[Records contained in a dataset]
☆ ☆ ☆ ☆

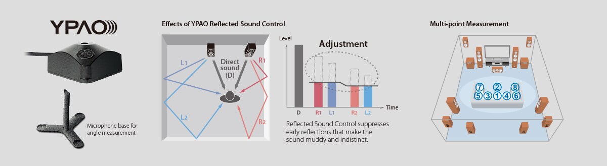 YPAO™-R.S.C. Sound Optimisation with 3D, 64-bit Precision EQ Calculation and Angle Measurement
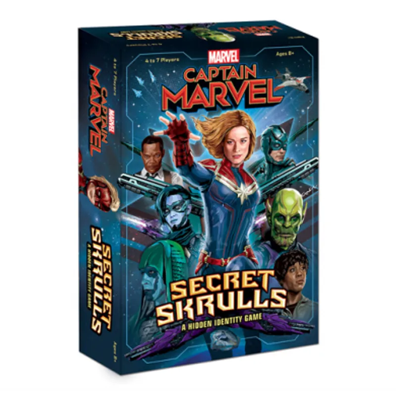 Captain Marvel: Secret Skrulls je društvena igra tajnih identiteta ukojoj igrači preuzimaju uloge nekih od svojih omiljenih Marvelovih junaka, uključujući i Kapetan Marvel lično, kako bi odbranili Zemlju u intergalaktičkom ratu protiv Skrulls-a.
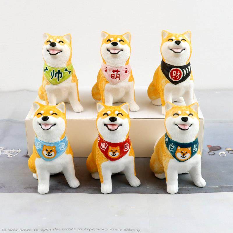 招财柴犬陶瓷摆饰创意家居装饰品可爱小狗办公室桌面摆设公仔礼物
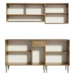 - Itens inclusos: Um Armário aéreo com duas portas de correr de vidro reflex e um nicho | Um Armário aéreo com duas portas | Um Balcão com duas portas e tampo | Um Balcão com três portas, uma gaveta e tampo
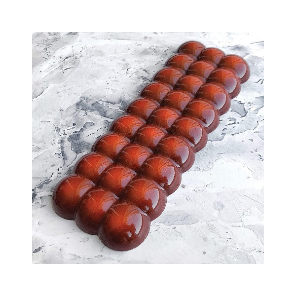 CH011 Bolla T: stampo in Tritan per 4 tavolette di cioccolato con decoro a bolle della linea Chocado da Silikomart. composta da 4 cavità lunghe 15,6 cm, larghe 6,1 cm ed alte 1,4 cm e volume 68 ml..
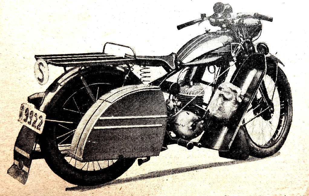 was necessary, in the interests of my garments, to keep my legs splayed-out The two-stroking of the engine was very much as usual in that the engine was prone to four-stroke when running light. The power output and general pulling ability, however, proved outstandingly good. It was very much sidecar power, if you understand my meaning, and I took pleasure in letting the engine slog smoothly, cart-horse style, up hills, which, with a four-stroke single, under equivalent conditions, would inevitably have demanded a change to a lower gear. I was reminded of the pulling powers of bigger, deflector-piston two-strokes of the past. The engine had just the characteristics needed by many of those who buy machines of this type. Once again, I was trying a new machine, and again I had brakes which had not bedded down. Indeed, I very soon found that it was possible to stand on the rear brake pedal. The front brake was better and could be assessed as ‘fair’. Gear change was a trifle ‘clonkish’ upward. Maybe I harp on gear changes, but the past has shown that it is possible to provide a perfect change even with very widely arranged gear ratios. I doubt whether any suspension system would have coped to perfection with some of the atrocious roads we traversed. As things were, I was thankful that I do not possess false teeth. The front fork, I feel, can be developed further. To sum up in a sentence, my impressions were: An honest-to-goodness, potent lightweight and a definite advance in power and speed on last year’s model. Prototype No 1, 601 Zündapp, was undergoing long-distance tests, I gathered. It was in sidecar form, with the sidecar on the right. This is a transverse, horizontally opposed twin—much sleeker than in the past—fitted with shaft drive, a four-speed gear box that incorporates sprockets and chains instead of pinions, and rear springing of plunger type with hydraulic dampers in the vertical members that lie immediately in front of the spring housings. My test of this machine was brief. Already it was late and I was, I suspected, keeping the experimental-shop folk nose-to, grindstone well after their rightful hour. Further, being accustomed to the sidecar on the left, I am not a dab hand at driving an outfit which is vice-versa and demands that one opens up for right-hand bends and shuts off for left-hand ones. Fork angles were being tried out, and there was a trail of rather more than 2½in I found my handling of the outfit far from clever and that I was apt to lurch about the highway. However, what 1 chiefly wanted to learn was how the latest 600cc Zündapp power unit performed. I have always had a very great respect for the Zündapp transverse twin—the prewar 600 and the larger unit which the German Army used during the war. Frequently I have beard the remark that the smaller twins were in a class of their own. Were I to state that the latest engine packs a very satisfying punch, probably my meaning would be
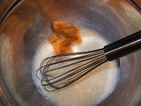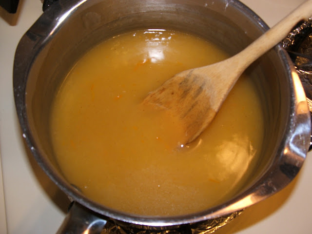 In a medium saucepan - stir the sugar, cornstarch, flour, cinnamon and salt together. Slowly add (while stirring) the orange juice and water and keep stirring until sugar is disolved. Now add in the orange zest. (The syrup should look cloudy like the picture below).

☆ ☆ ☆ ☆

* [What you have to do]:
The stretch above running from the line with "招财柴犬陶瓷摆饰创意家居装饰品可爱小狗办公室桌面摆设公仔礼物" through the line with "CH011 Bolla T: stampo" is all you should copy, exactly, leaving out the pictures.

* [The completed task]:
 招财柴犬陶瓷摆饰创意家居装饰品可爱小狗办公室桌面摆设公仔礼物
 - Itens inclusos: Um Armário aéreo com duas portas de correr de vidro reflex e um nicho | Um Armário aéreo com duas portas | Um Balcão com duas portas e tampo | Um Balcão com três portas, uma gaveta e tampo
 CH011 Bolla T: stampo in Tritan per 4 tavolette di cioccolato con decoro a bolle della linea Chocado da Silikomart. composta da 4 cavità lunghe 15,6 cm, larghe 6,1 cm ed alte 1,4 cm e volume 68 ml..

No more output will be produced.